DATA SHOWN Start Marker
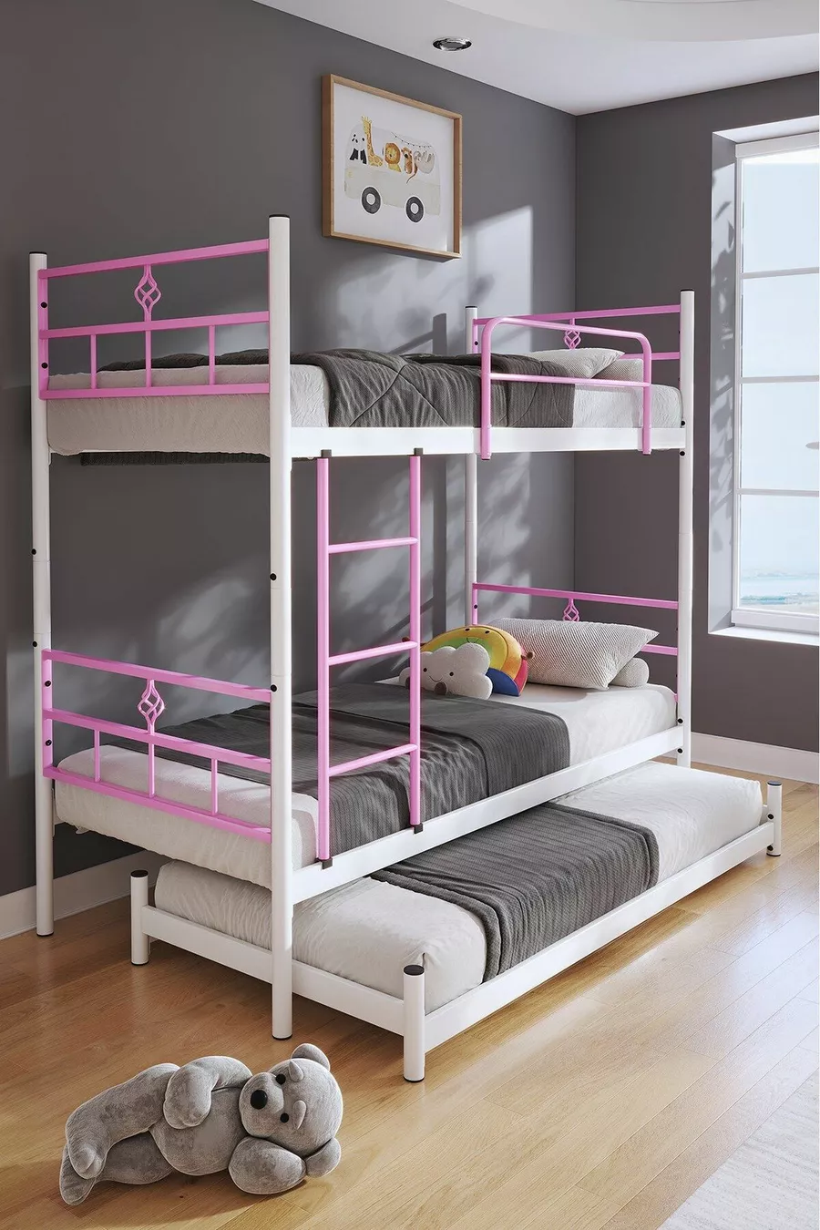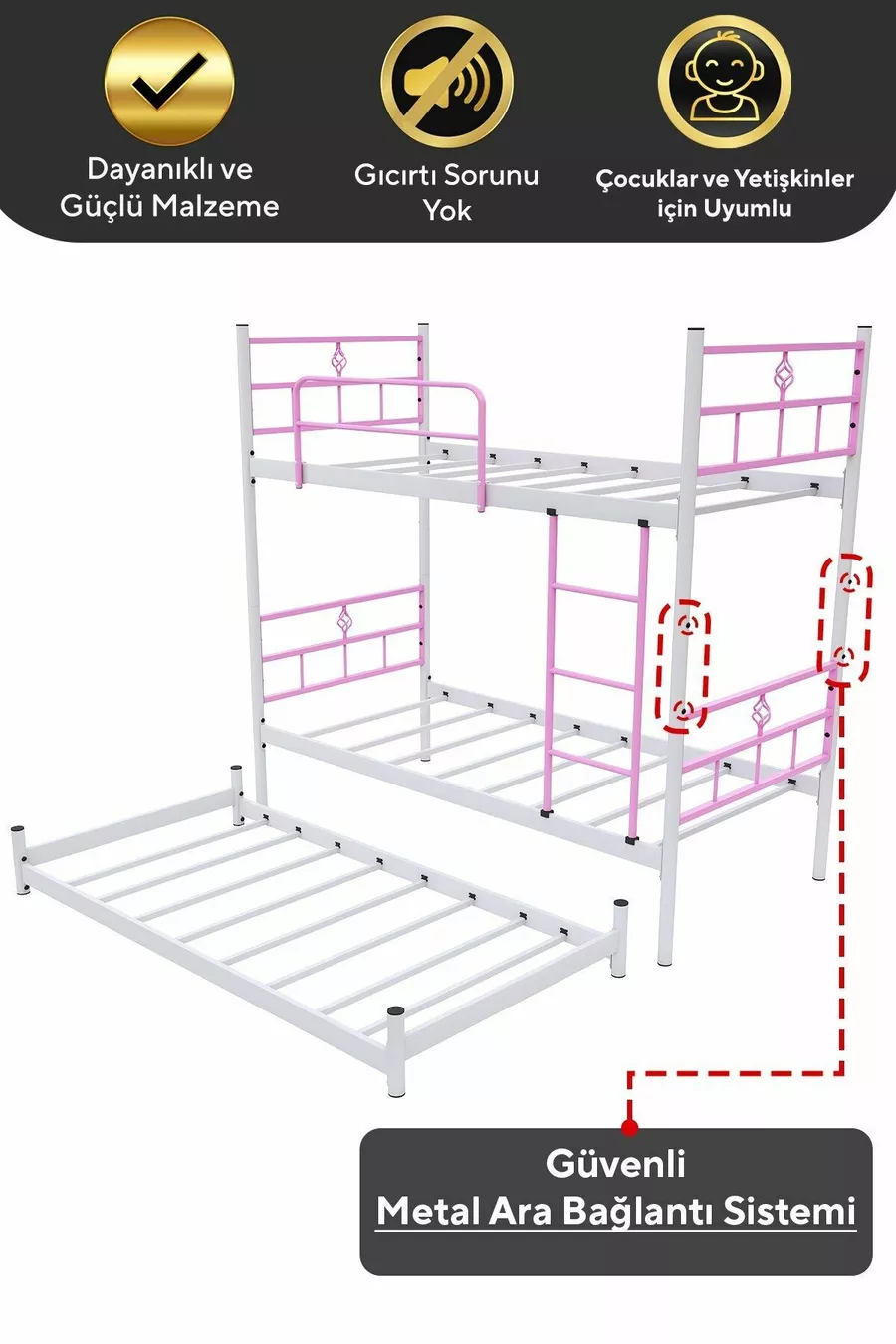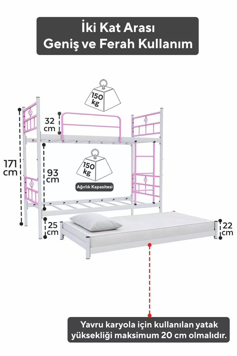 Цвят: Розов Материал: Метал Размер: Двоен Размери: 90 x 200 Гаранционен срок: 2 години Стил: Класически Тема / Стил: Класически С дъщерно легло: Да Характеристика: Дълго
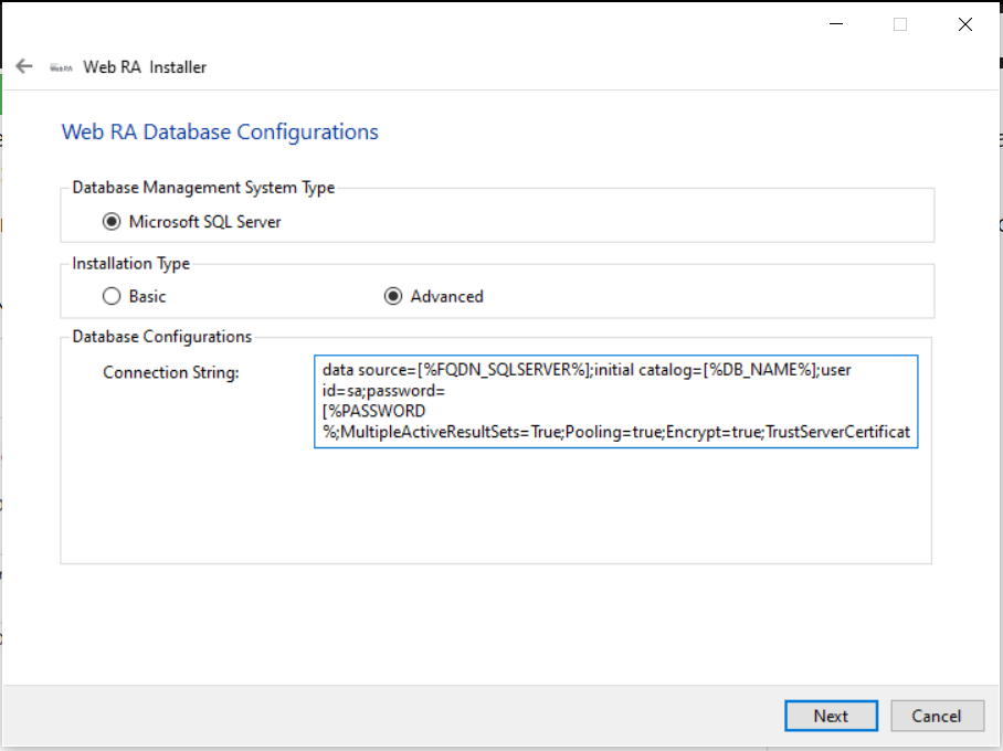 connectionString="data source={%FQDN_SQLSERVER%},1433;initial catalog={%DB_NAME%};user id=sa;password={%PASSWORD%};MultipleActiveResultSets=True;Pooling=true;Encrypt=true;TrustServerCertificate=false"
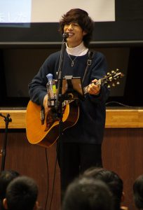 自身が子どものとき、阪神・淡路の街頭募金をした際に、「ありがとう。おっちゃん、元気が出たわ」と言われたエピソードを踏まえ、児童たちに、「子どもにはすごい力がある。がんばることでみんなにも笑顔の連鎖を起こすことができる」と呼びかけ、被災地で生まれた「しあわせ運べるように」を歌った。
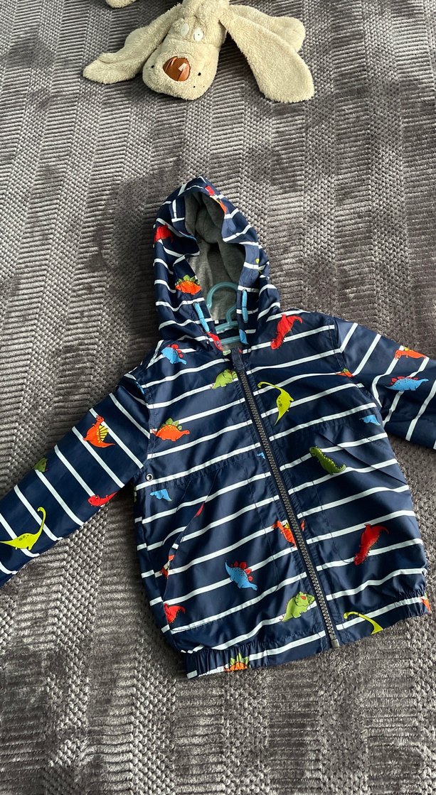 Çocuklar için çok renkli dinozor desenli kapüşonlu ve fermuarlı yağmurluk. Yumuşak ve sıcak kumaştan, fitted kesimle tasarlanmıştır. ️
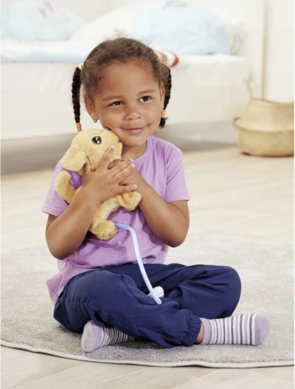 - Jucărie sigură pentru cei mici – cățelușul are 20 cm, are ochi mari brodați, negri, și un nas din plastic. Este îmbrăcat într-o pelerină de ploaie. Funcționează cu baterii (incluse în pachet).
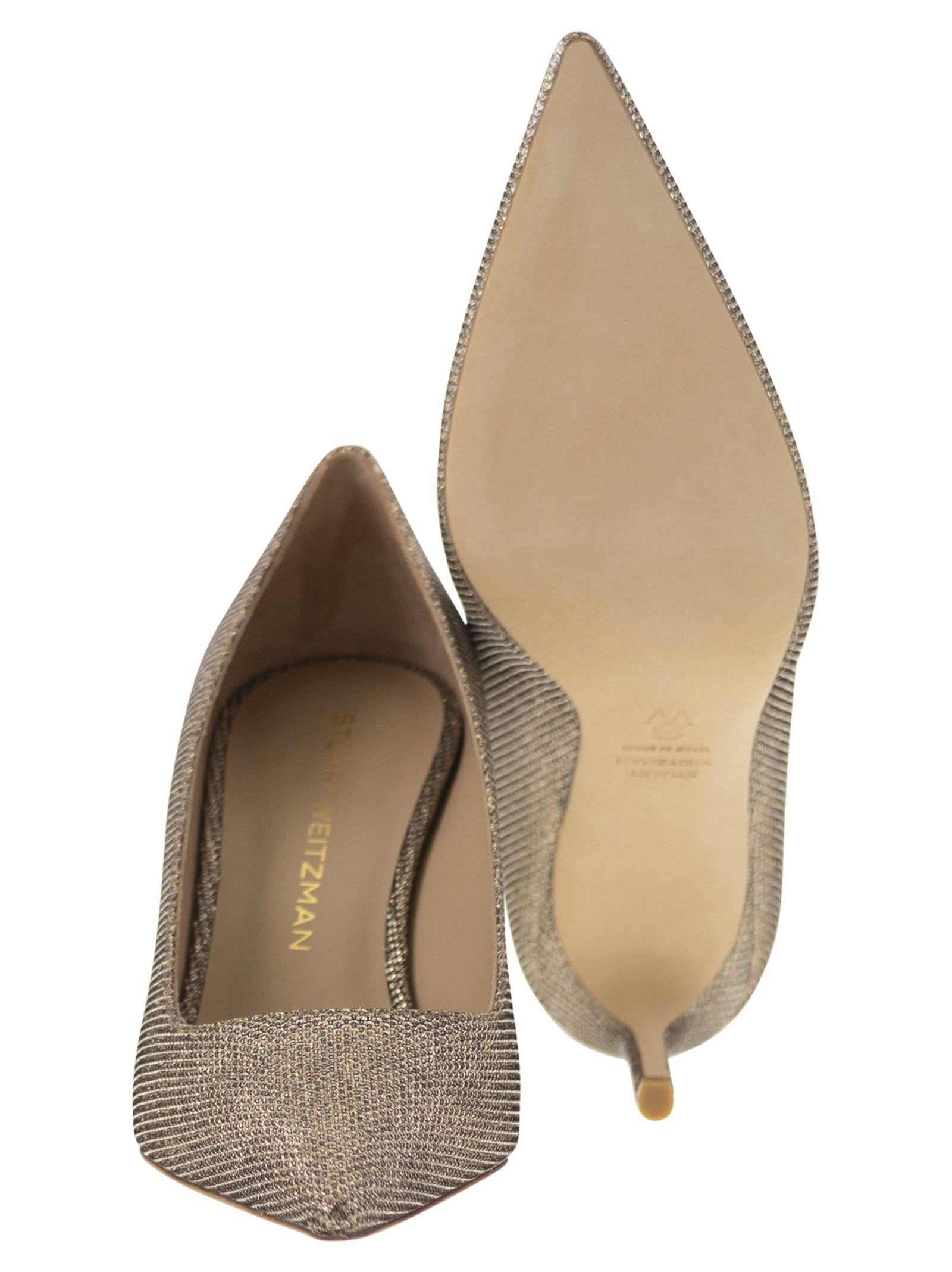 Renew your wardrobe with the STUART 85 DÉCOLLETÉ, the reinterpretation of the classic pointed silhouette in a refined key. Defined by elegant lines, this minimalist thin-soled model is designed to flatter (and sublimate) the figure. A perfect blend of fashion and functionality with an 85 mm stiletto heel, it offers sophistication and all-day comfort. The classic décolleté, optimised. - Décolleté - Pointed toe shape - 85 mm heel - Stiletto heel - Model made by SW artisans in Spain - Part of the STUART Collection DESIGNER ID: SC429 NEN CY4
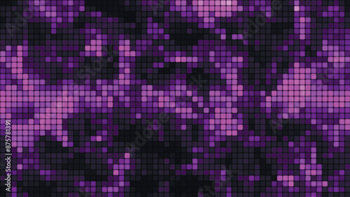 Purple mosaic background in technology concept. Abstract multicolored LED squares. Technology digital square lilac color background. Bright pixel grid background. Vector background
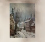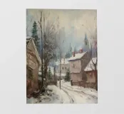 Una pittoresca mattina d'inverno in un tranquillo villaggio: le case coperte di neve, gli alberi slanciati e le lontane guglie delle chiese si stagliano dolcemente nella luce bluastra. Il sentiero tra la neve conduce l'occhio attraverso il tranquillo scenario ed evoca ricordi di tranquille giornate invernali. Il dipinto unisce nostalgia, tranquillità e bellezza naturale in colori armoniosi e pennellate raffinate.
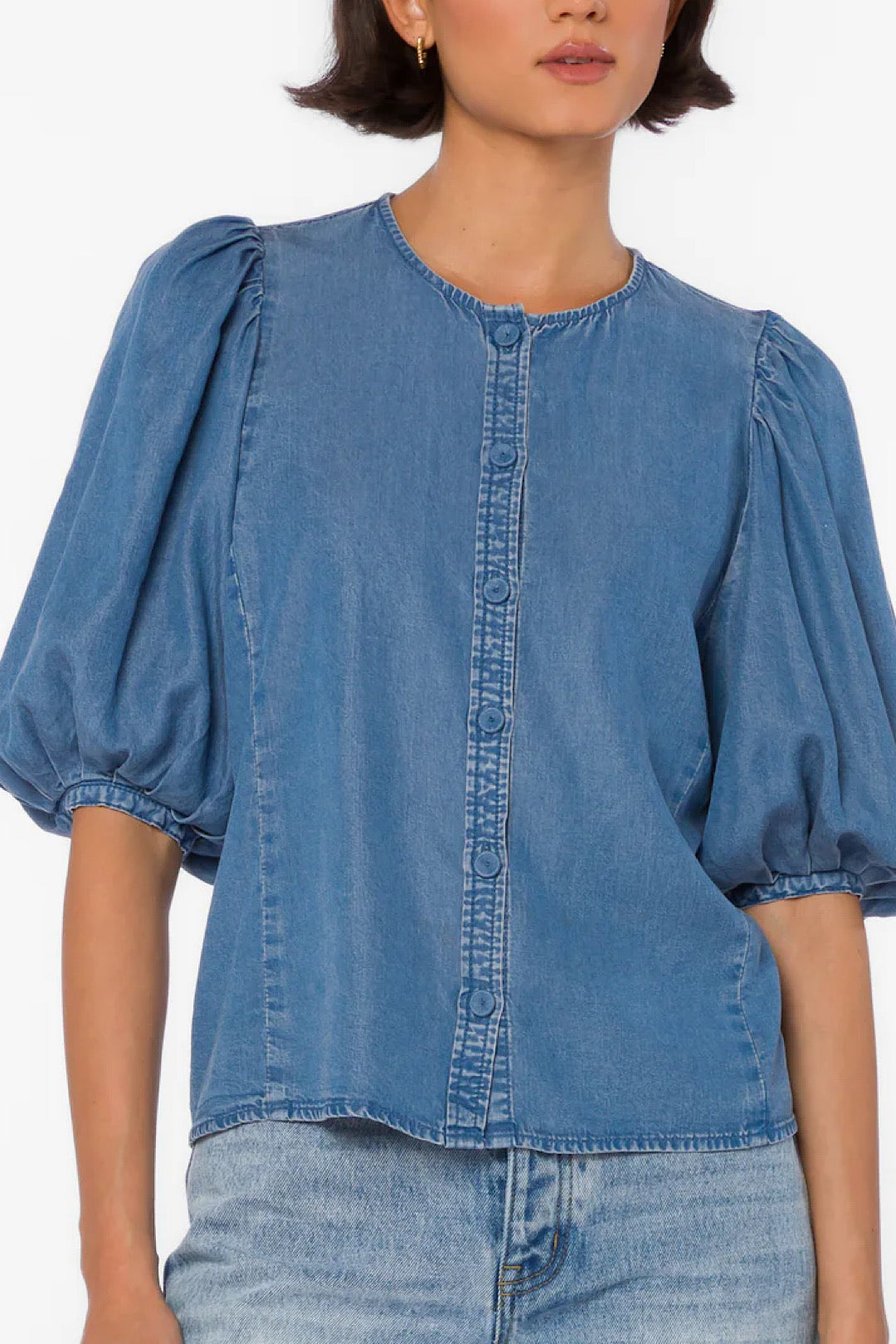 This short puff sleeve button-front blouse features a soft and flowy lightweight drape and an easy, airy feel.
DATA SHOWN End Marker
# WHAT THE TASK ASKS
From the records above, extract the lines from the one holding "Çocuklar için çok" through the one holding "- Jucărie sigură", word for word; omit the pictures.

# RESPONSE TO THE TASK
 Çocuklar için çok renkli dinozor desenli kapüşonlu ve fermuarlı yağmurluk. Yumuşak ve sıcak kumaştan, fitted kesimle tasarlanmıştır. ️
 - Jucărie sigură pentru cei mici – cățelușul are 20 cm, are ochi mari brodați, negri, și un nas din plastic. Este îmbrăcat într-o pelerină de ploaie. Funcționează cu baterii (incluse în pachet).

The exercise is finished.